Water is a natural resource of vital importance in the Singaporean context because of its high cost and scarcity. Indeed, 430mil gallons a day are consumed by the Singapore end-users, 45% domestic and 55% industry, with the latter expected to increase in the years to come by more than 60%. A significant amount of water is used for cooling towers which, in a hot and humid environment like that of the South-East Asian countries, have to operate extremely hard to reject heat from waste heat sources. While economics often limits the feasibility of low temperature Waste Heat Recovery (WHR) (40°C – 200°C), the large amount of waste heat available represents a huge opportunity for energy savings; indeed, the gaps remain such as maximise energy output, cooling loop in the condenser, smaller and compact size waste heat recovery systems, stabilising waste heat source and quality of waste heat. One valid alternative to reduce the cooling load in cooling towers (i.e. less water consumption) is represented by Organic Rankine Cycles (ORCs), which are mainly used to maximize the electricity output from a waste heat source.
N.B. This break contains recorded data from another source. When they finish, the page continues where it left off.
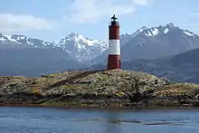 Les Eclaireurs Lighthouse (the French name "Les Éclaireurs" means "the Scouts") is a slightly conically shaped lighthouse standing on the northeasternmost island of the five or more Les Eclaireurs islands, which it takes its name from, 5 nautical miles (9 km) east of Ushuaia in the Beagle Channel, Tierra del Fuego, southern Argentina.[2]
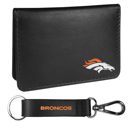 Upgrade your wallet game with our ultra-slim leather wallet, designed for sports fans and perfect for weekends. This sleek wallet features two convenient credit card slots on the front, an additional slot on the back, and a spacious inner pocket for cash. Show your team pride with the expertly silk screened Denver Broncos logo prominently displayed on the front corner. Plus, it includes a stylish black strap keychain with a clip, making it easy to attach to belts, backpacks, or purses. Say goodbye to bulky wallets and hello to streamlined functionality.
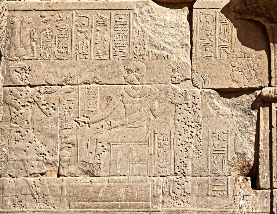 Côté Est, registre du haut : Ptolémée V offre de la nourriture à Khnoum, Satis et Anouqis.
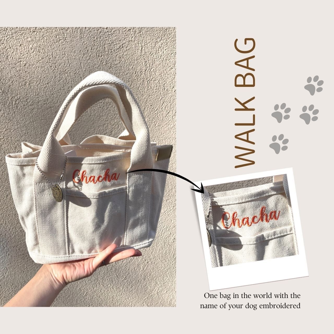 960通りの組み合わせから選べて愛犬の刺繍名前を入れられる。世界にひとつのキャンバスお散歩バッグ
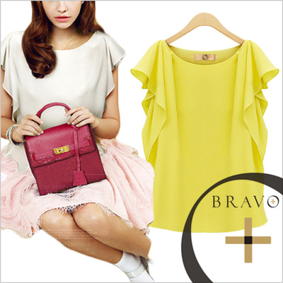 荷葉飛飛袖純色百搭雪紡上衣 共二色 Bravo

The operating principle of ORCs is the same as that of steam power plants and the main advantages of ORCs are simple and compact system structure and widely used heat sources and availability in recovering low temperature heat energy. In small scale, ORCs have not been commercialised due to techno-economic factors (i.e. low efficiency and payback period) and therefore there is a significant drive to find suitable solutions for electric power output between 10kWe and 100kWe. The paper deals with the development of key enabling components for small ORCs systems aimed to minimize water consumption from cooling towers by means of innovative ORC plant arrangements based on Turbo-Expander (TE) pumping system and internal regeneration processes. By means of this novel arrangement, improvement in global ORC performance are observed, reducing at the same time the cooling load at the condenser. The plant arrangement is described into details and results for different low temperatures WHR are presented, highlighting the benefit in terms of m3 of saved water when Toluene and R245FA Working Fluid (WF) are adopted.